On or after the Exchange Date the holder of this permanent Global Security may
surrender this permanent Global Security to or to the order of the Principal Paying
Agent. In exchange for this permanent Global Security the Issuer will deliver, or
procure the delivery of, definitive Securities in bearer form, serially numbered, in the
denomination of 100,000 each with interest coupons and one talon ("Coupons")
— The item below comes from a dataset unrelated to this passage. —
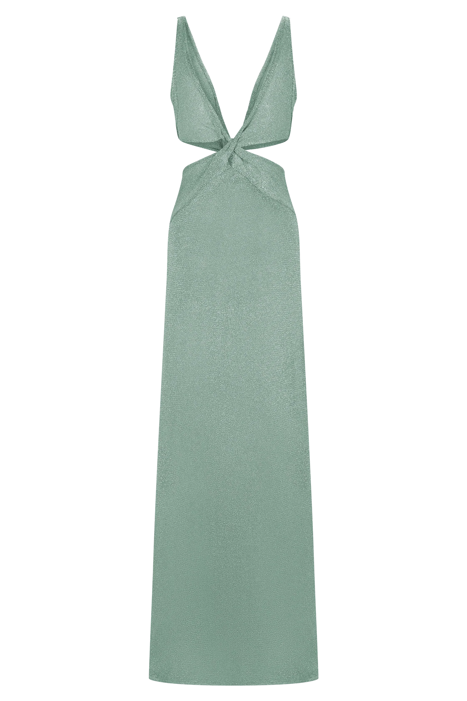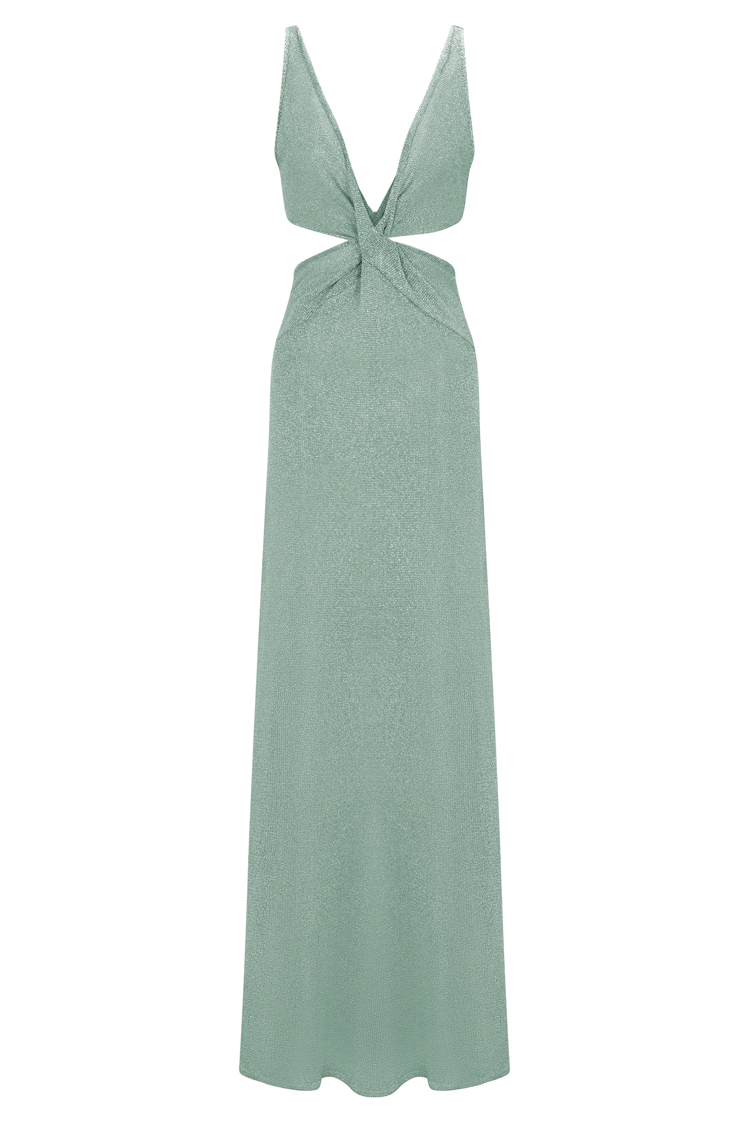 The GRACELYN Twisted Metallic Knit Maxi Dress is designed to make a bold, unforgettable entrance. Featuring a deep plunge neckline and low open back, this statement silhouette is elevated with front and back twist detailing and waist cutouts that sculpt and define. Crafted from shimmering metallic yarn, the unlined knit hugs the body with a soft stretch and a straight skirt shape that elongates the figure. Perfect for after-dark events, sunset soirees, or any occasion where all eyes are on you.

attached on issue in respect of interest which has not already been paid on this
permanent Global Security (in exchange for the whole of this permanent Global
Security).
"Exchange Date" means a day specified in the notice requiring exchange falling not
less than 60 days after that on which such notice is given and on which banks are
open for business in the city in which the specified office of the Principal Paying
Agent is located and (except in the case of (b) above) in the city in which the relevant
clearing system is located.
Upon (a) any exchange of a part of the Temporary Global Security for a part of this
permanent Global Security or (b) the purchase by or on behalf of the Issuer or any
Subsidiary of the Issuer and cancellation of a part of this permanent Global Security
in accordance with the Conditions, the portion of the principal amount hereof so
exchanged or so purchased and cancelled shall be endorsed by or on behalf of the
Principal Paying Agent on behalf of the Issuer on Part II of the Schedule hereto,
whereupon the principal amount hereof shall be increased or, as the case may be,
reduced for all purposes by the amount so exchanged or so purchased and cancelled
and endorsed. Upon the exchange of the whole of this permanent Global Security
for definitive Securities this permanent Global Security shall be surrendered to or to
the order of the Principal Paying Agent and cancelled and, if the holder of this
permanent Global Security requests, returned to it together with any relevant
definitive Securities.
3
Payments
Until the entire principal amount of this permanent Global Security has been
extinguished, this permanent Global Security shall (subject as hereinafter and in the
Trust Deed provided) in all respects be entitled to the same benefits as the definitive
Securities and shall be entitled to the benefit of and be bound by the Trust Deed.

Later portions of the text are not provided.